GT: Let me ask about more specific issues where tensions are on the rise. The Taiwan Straits and the South China Sea, where do you think is more likely to become the next flashpoint? Observers are saying that if the US decides that fighting for Taiwan is not the way to go, then having the Philippines fight for the South China Sea would suit the US. Is that so?  

In a Thucydidian rivalry, there are many potential flashpoints. That's always the case. 

I would say Taiwan is the most sensitive flashpoint. The Chinese position about the Taiwan question is absolutely unambiguous. If new leader of Taiwan would declare Taiwan to be independent and try to be serious about that, or if the US were to support a Taiwan claim for independence, that would be highly likely to lead to a war between the US and China, which might well become a wider war, then a nuclear war. 

Fortunately, Presidents Biden and Xi understand that very well and are determined not to let that happen. I am sure they must have talked about this. If you look at the behavior of both governments, since San Francisco, you can see that things have calmed down a bit. I take that as evidence that there's adult supervision.

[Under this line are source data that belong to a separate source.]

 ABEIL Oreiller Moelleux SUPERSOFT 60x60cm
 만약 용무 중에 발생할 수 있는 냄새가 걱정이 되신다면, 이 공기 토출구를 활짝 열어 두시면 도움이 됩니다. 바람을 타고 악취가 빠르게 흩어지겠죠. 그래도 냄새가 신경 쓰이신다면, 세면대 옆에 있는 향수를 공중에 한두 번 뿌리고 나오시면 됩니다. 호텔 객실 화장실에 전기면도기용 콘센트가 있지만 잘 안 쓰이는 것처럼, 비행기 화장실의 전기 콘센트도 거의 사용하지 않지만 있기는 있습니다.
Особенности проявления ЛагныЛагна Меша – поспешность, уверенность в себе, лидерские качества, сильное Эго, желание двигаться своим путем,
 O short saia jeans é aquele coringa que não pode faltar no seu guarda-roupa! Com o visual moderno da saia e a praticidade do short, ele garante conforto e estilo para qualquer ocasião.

In the case of the Philippines and the shoals, I'm not well informed about that. But from what I can see, there are risks because the Chinese view and that of the Philippines are quite different. The US has a thick and complicated relationship with the Philippines. I think there's a lot of work to be done in candid conversations about making sure that whatever the rivalry is about, it won't get out of control or lead to some potential escalation.

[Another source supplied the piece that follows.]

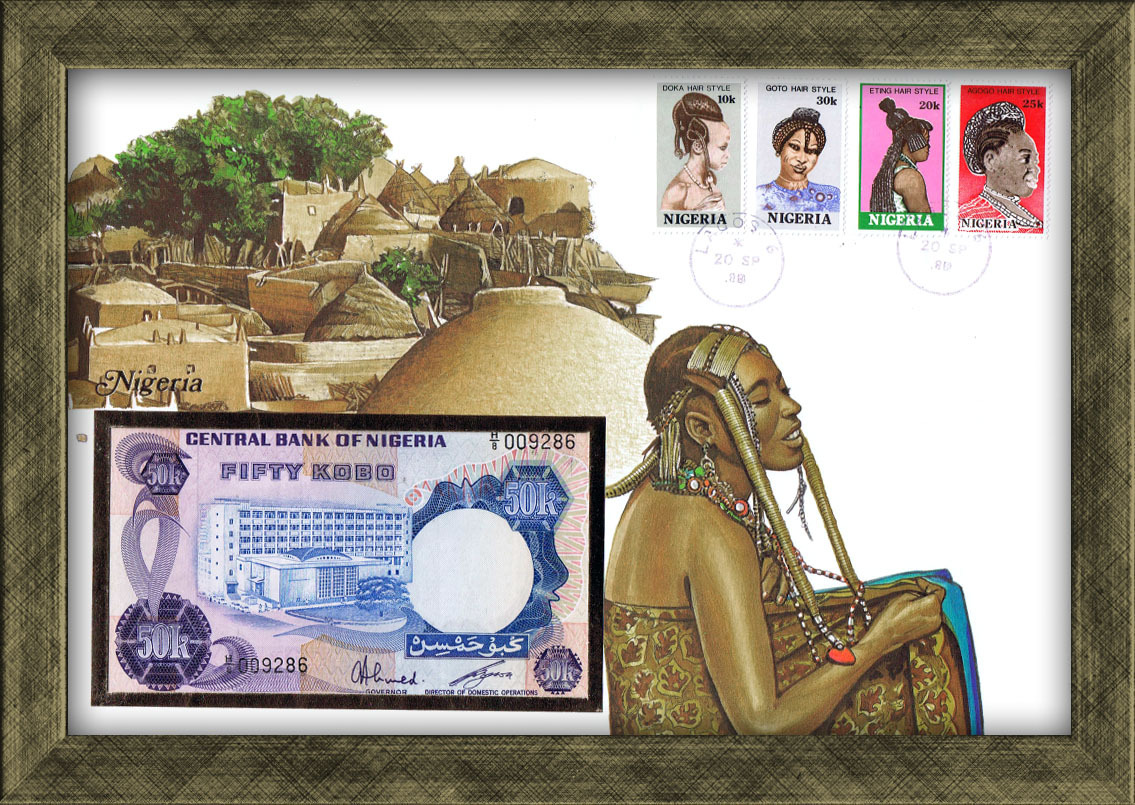 Нигерия: купюра, конверт, марки со спец.гашением. Коллекционный выпуск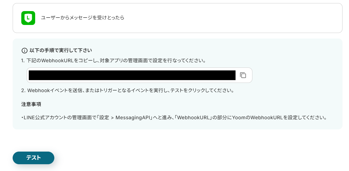 WebhookURLをコピーし、管理画面で設定を行ってください。

GT: Do you think there are enough China hands among the new generation of US scholars and politicians? Does the US have an interest in nurturing more China hands? 

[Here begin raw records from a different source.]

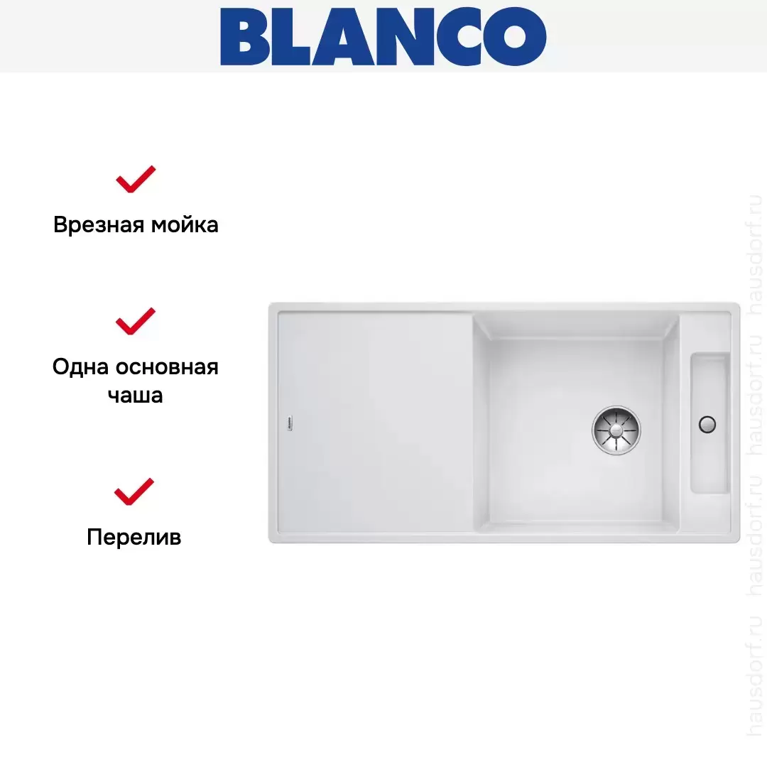Мойка Blanco AXIA III XL 6 S-F доска стекло клапан-автомат InFino® белый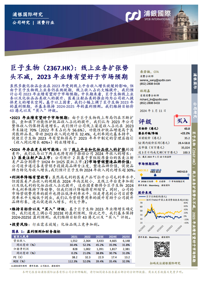 巨子生物凭借其线上业务的强劲扩张和功能性护肤品的优异表现,预计2023年业绩将超市场预期,实现收入和净利润的高速增长。展望2024年及中长期,公司通过医美注射新品的推出和持续的品牌营销投入,将进一步拓宽增长空间。尽管短期内利润率可能面临结构性调整,但其积极的战略布局和巨大的市场潜力支持其长期增长前景。浦银国际维持巨子生物“买入”评级,目标价43港元。
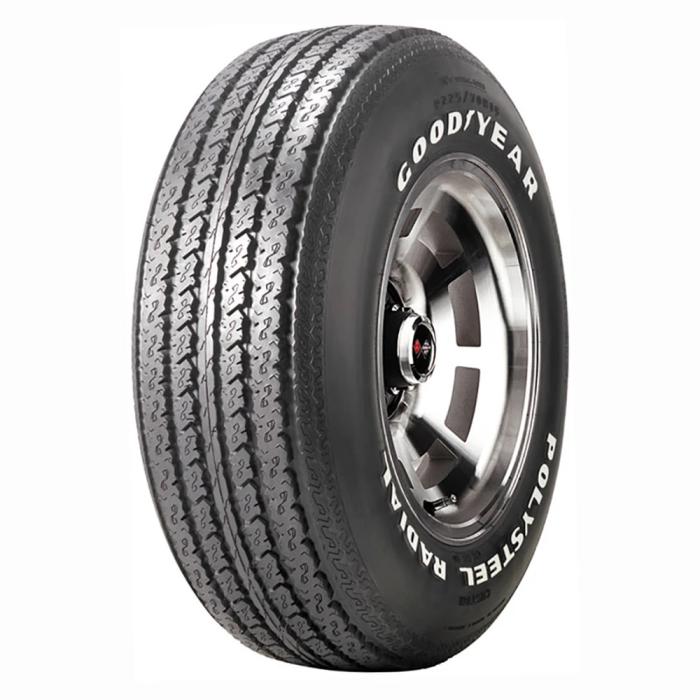 Goodyear is one of the most famous brands in the tire world, and our line of Goodyear classic tires, includes famous muscle car tires like the Goodyear Polyglas and many more from the 1960's and 1970's. Also included in the Goodyear product line is a series of whitewall tires, and various raised white letter and yellow letter tires from the '80s and beyond.

The answer is no, there are not enough Chinese hands, especially not enough who really understand China. There are people like me who are China watchers, but who don't speak Putonghua, and have never lived in the country for any period of time. I've read the history of it. I have talked to many Chinese and many Americans. I had the good fortune to have Lee Kuan Yew as my tutor to help me try to understand China as well as Henry Kissinger, my old professor. 

But Henry didn't study China when he was young; when he was a professor, he didn't ever learn Putonghua. So we need to have a whole huge cadre of Americans who are studying in China and understanding China better. 

Fortunately, this is not a new idea. The US Ambassador to China, Nicholas Burns, is trying to make sure he brings lots of the most talented young foreign service officers to have a chance to be part of this. There are now many excellent (US) students who go to Tsinghua, but not enough. 

President Xi's idea is that there should be 50,000 Americans in the next five years studying in China. It is a great idea. I hope that's going to happen. Similarly on the Chinese side, there are many Chinese studying in the US, and many that study at Harvard. They need to come to my class. At both the people-to-people and the expert level, there's a danger from misunderstandings. People who have a deeper understanding of the two countries, the two cultures and the two histories, are more likely to find out how we can survive together. 

GT: You brought up the issue of misunderstandings. What would you say is the West's biggest misunderstanding about China? 

 Too many people in the West, very simplistically, say this is the new cold war; China must be the Soviet Union; China must have ambitions to create revolutions around the world to take over other countries. That's wrong in every respect. China is not the Soviet Union. China is not pursuing an ideology or a policy of creating revolutions in other countries or attempting to send their troops there or to take over other countries. It makes no sense. But you'll still hear congressmen and other people making such claims. I would say that's a sign of ignorance.